Обычно я стараюсь найти себе занятие сам, чтобы мне не нашли. К примеру, могу часами помахивать метелкой, сметая все на своем пути, но откладывая окончание работы "на потом", чтобы обязательно это не успеть. А тут, как на зло, остановился на минутку с Юрбаном свежим воздухом покурить, ведь "дым отечества нам сладок и приятен". Хотя Чацкий, наверное, курил что-то более интересное. Теперь вот послали на кухню с еще десятком человек, а мне уж верилось, что туда я больше не ездун... ездюк... ездец...2 Короче, пошел отмывать посуду с посланными массами от масс недоеденных.

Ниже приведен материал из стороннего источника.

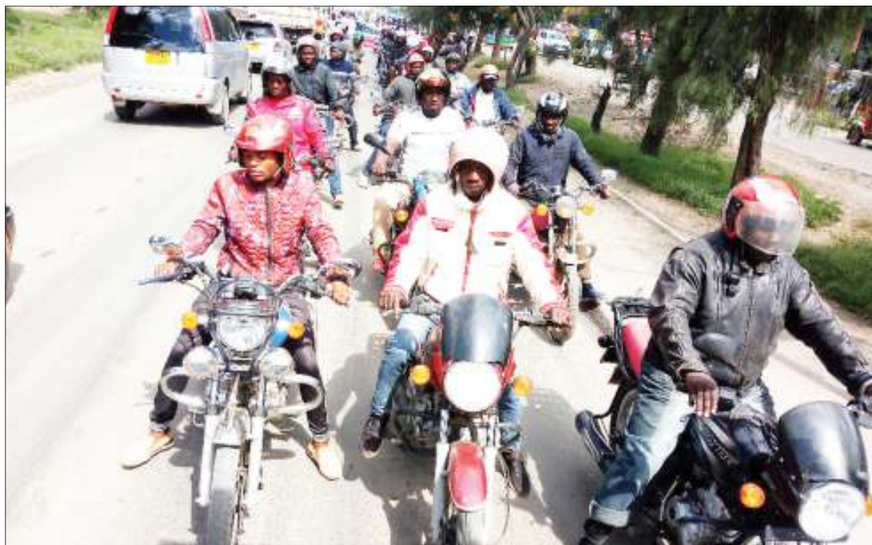
Baadhi ya vijana waendesha pikipiki maarufu kwa jina la Boda boda wa Jiji la Mbeya wakiongoza maandamano wakati wa maa-dhimisho ya siku ya Kifua Kikuu mkoani Mbeya ambayo yalifanyika katika Kituo cha Daladala cha Kabwe.

Оспаривая мнение Марка Твена, мое стремление к большинству обусловлено возможностью пофилонить в толпе. Но в столовой – это наиболее сложная задача. И тут смотрю: у складов пять человек построились и ждут чего-то. Присоединился к ним с краю – все равно командирша не помнит, кого отослала. Проходит капитан и спрашивает меня, как крайнего: "Что вы тут делаете?" (имея в виду всю толпу) Честно ответил: "Не знаю." И выпрямился по стойке смирно. "Продолжайте", – ответил он и ушел. А мы остались в молчаливой выправке по стойке смирно.
Собственно, за разговорчики в строю нас пугают, что мы весь день будем так стоять. Я был бы не против – все лучше мытья посуды. Так что продолжаю придерживаться позиции, в которой слова не расходятся с делом: молчу и ничего не делаю. К сожалению, оказалось, что эта группа ожидала отправки домой на "гимели". Больные и немощные неподвижно стояли четверть часа, шикая на меня, когда я пытался узнать, что мы, собственно, ждем. С прибытием автобуса они собирались так быстро, что было обидно терять таких активных и способных вояк.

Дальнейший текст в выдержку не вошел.